ZEYNEP VE BİZ GAZETECİLER
Yazan: Yunus ARIKAN
Elleri titriyordu.
Saçları yüzünü tamamen kapatmış, kafası öne eğik bir şekilde ha bire bir elindeki tırnak dibi etlerini, diğer elinin tırnaklarıyla koparmaya çalışıyordu.
Bir ara kafasını şöyle bir kaldırdı, saçlarını arkaya doğru attı ve kendisini izleyenlerin olup olmadığını kontrol etmek için bir sağa, bir sola baktı.
Benim dışımda kendisini izleyenin olmadığını gördü. Benim ona baktığıma bile aldırış etmeden tekrar saçlarıyla yüzünü kapattı ve kendi kendine kaldığı yerden tırnak dibi derilerini koparmaya başladı.
*
Yüzünü gördüğümde henüz on sekizine ya girmiş ya da girmemişti. Yani daha çocuk denilecek yaştaydı ve o kadar masum bir şekilde etrafı süzmüştü ki, yanaklarında tomurcuklanmış olan gözyaşının bile farkında değildi.
Üzerinde öyle pek de yeni sayılmayan bir mont ve bacağında koyu lacivert bir kadife pantolon vardı.
O kızın düşmanı değildim ama dikkatle ayakkabılarına baktım. Belki aylarca boyasız olduğu, neredeyse derisinin soyulmak üzere olduğu, hatta yer yer soyulduğunu gördüm.
Sanki ayakkabının bir tarafı açılmış gibiydi.

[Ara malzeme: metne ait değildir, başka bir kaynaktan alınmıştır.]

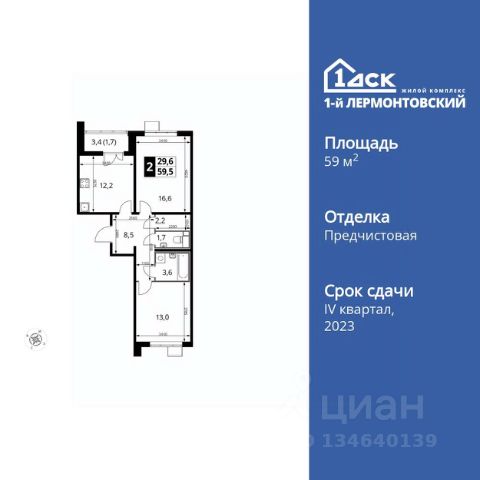 Прямая продажа от застройщика! Жилой Комплекс класса Комфорт Плюс. Продаётся 2-к квартира номер 780 общей площадью 59.6 кв.м. на 13-м этаже 24 этажного здания. Отделка Whitebox. Цена с учётом скидки. Особенности квартиры: - Просторная спальня, в которой можно разместить большую кровать. - Распашная планировка - отличное сочетание удобства и свободы. - Раздельный санузел - больше удобства для всех членов семьи. - Линейная кухня - функциональность и практичность в одном решении. - Ниша под шкаф - компактное и удобное место для вещей. - Кладовая - дополнительное пространство для хранения. - Лоджия - уютное место для отдыха и тишины. Квартира с предчистовой отделкой (White box). Вам не придется заниматься черновыми и трудоёмкими работы, а чистовую отделку и дизайн - сделайте на свой вкус. Информация о комплексе: Ощущение уютного дома должно начинаться с подъезда. Мы постарались предусмотреть все нюансы, чтобы наши лифты отвечали самым строгим современным требованиям. Двор без машин, закрытое, безопасное, охраняемое место с удобным доступом для вашего авто, более чистый воздух и гарантированное место для стоянки - и это далеко не преимущества наличия подземного паркинга. А наличие кладовых позволит вам поддерживать идеальный порядок и уют в вашей квартире! "1-й Лермонтовский" расположился недалеко от уже сложившегося зеленого окружения - Люберецкого парка и Жулебинского лесопарка, переходящего в природно - исторический парк "Кузьминки". Если вы предпочитаете активный семейный отдых на свежем воздухе - в округе мест для него предостаточно. С востока он граничит со столичным районом Некрасовка. С северной стороны - с развитым современным микрорайоном "Красная Горка". Удачное расположение дарит жильцам возможность передвижения как на своем автомобиле, так и на общественном транспорте. Транспортная доступность: В шаговой доступности ж/д станция "Люберцы-1". 5 минут на автомобиле до станций метро "Некрасовка", "Котельники", "Лермонтовский проспект" Внутренняя инфраструктура: Свободно перемещайтесь по внутренней территории в безбарьерной среде! На территории комплекса созданы все условия как для активного образа жизни, так и для спокойного времяпрепровождения: - игровые площадки для детей разного возраста. - площадки воркаута, спортивные комплексы с зонами для детского и взрослого спорта. - зоны отдыха с пешеходными дорожками и аллеями. Также, к вашим услугам: 4 общеобразовательные школы, 7 детских садов, спортивные и танцевальные, школы, поликлиники, множество магазинов и супер-маркетов, включая Ашан и несколько крупных ТЦ в шаговой доступности.

Sonra montunun kollarını birazcık uzatarak avuçlarının içine kadar çekti, yüzük ve küçük parmaklarıyla sıkıca bastırdı ve biraz önce yüzünde duran gözyaşını sildi.

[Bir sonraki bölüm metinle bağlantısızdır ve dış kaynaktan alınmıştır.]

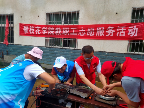 电气学院教职工立足专业特色,学以致用,在校内外常态化开展家电维修志愿服务活动。每年定期在学校学生公寓9号楼设置家电维修现场服务点,组织教职工参加三下乡暑期社会实践活动,到攀枝花市各乡镇(草场乡、大田镇、渔门镇等)开展家电维修志愿服务活动。

Oturduğu bankın yaslanma kısmındaki tahtalarda bir bankanın adı yazıyordu ve oturulan kısmının ortadaki tahtası da koparılmıştı.

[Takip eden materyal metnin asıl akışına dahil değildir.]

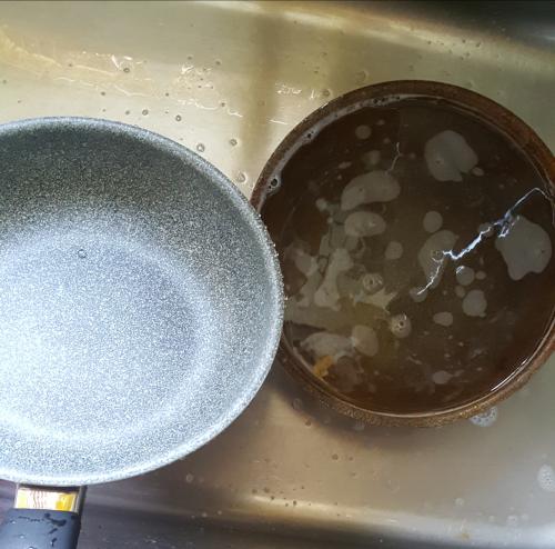 후라이팬은 바로바로 세척해줘야하고요.

Bir ara yine kısa bir süreliğine etrafını seyretmeye başladı ve işte o zaman göz göze geldik.
Birkaç saniye bir birimize baktık.
Ne tuhaf! Ne o benden, ne de ben ondan gözlerimi alamıyordum.
Kız benim küçük oğlumdan da küçüktü.
Üşüyor gibiydi. Bakışları hiç de öyle şeytanca bakışlardan değildi. Anladım ki beni birine benzetmişti.
Gözlerimi o çocuğa bakmaktan kaçırdım ve kendi kendime onunla konuşmak için yanına gitmeye karar verdiğim anda; biri erkek, biri kadın olan iki yaşlıca insan o kız çocuğun yanına yaklaştılar.
Ben, birden bire gözlerimi o tarafa çevirince, bankta oturan kız da benim baktığım tarafa baktı.
Ve sadece “Hıh!” dediğini duyabilmiştim.
Ayağa kalktı ve öylece dona kaldı.
Yaşlı erkekle kadın kıza, kız onlara bakıyordu...
Birden yaşlı kadın “Güzel kızım burada mıydın?” dedi.
Kız hiç bir şey diyemedi, sözcükleri boğazında yutkunmaya başlamıştı.
Doğrusu ben de neye uğradığımı şaşırmış, öylece onları seyrediyordum...
Genç kız, birden her iki kollarını iki yana açarak “Dedeciğim, Büyükannem” diyerek, birini bir kolunun altına, birini diğer bir kolunun altına aldı ve üçü öylece birbirine kenetlenmişti.
Yaklaşık bir dakika boyunca öylece kalakaldılar.
Merak içindeydim. Olduğum yerden ayağa kalktım. Onlara doğru -biraz da korkarak- birkaç adım attım ve “Bağışlayın, ben de bu kızımızın burada yalnız başına bankta ağlamaklı halini görünce dayanamayıp konuşmak isteyecekken, siz geldiniz ve birden bire kızımızın o korku dolu hali uçuverdi,” dedim.
Yetmiş yaşlarındaki amca “torunum” dedi. Bu da 50 yıla yakın hayat arkadaşım.
Bir de ben girivermiştim onların arasına.
Ne tuhaf! Bana, “Sen kimsin? Neden soruyorsun? Seni ne ilgilendirir?” gibi tek bir kelime bile etmeden Avcılar Merkez Camisinin bahçesindeki boş olan iki banka oturduk.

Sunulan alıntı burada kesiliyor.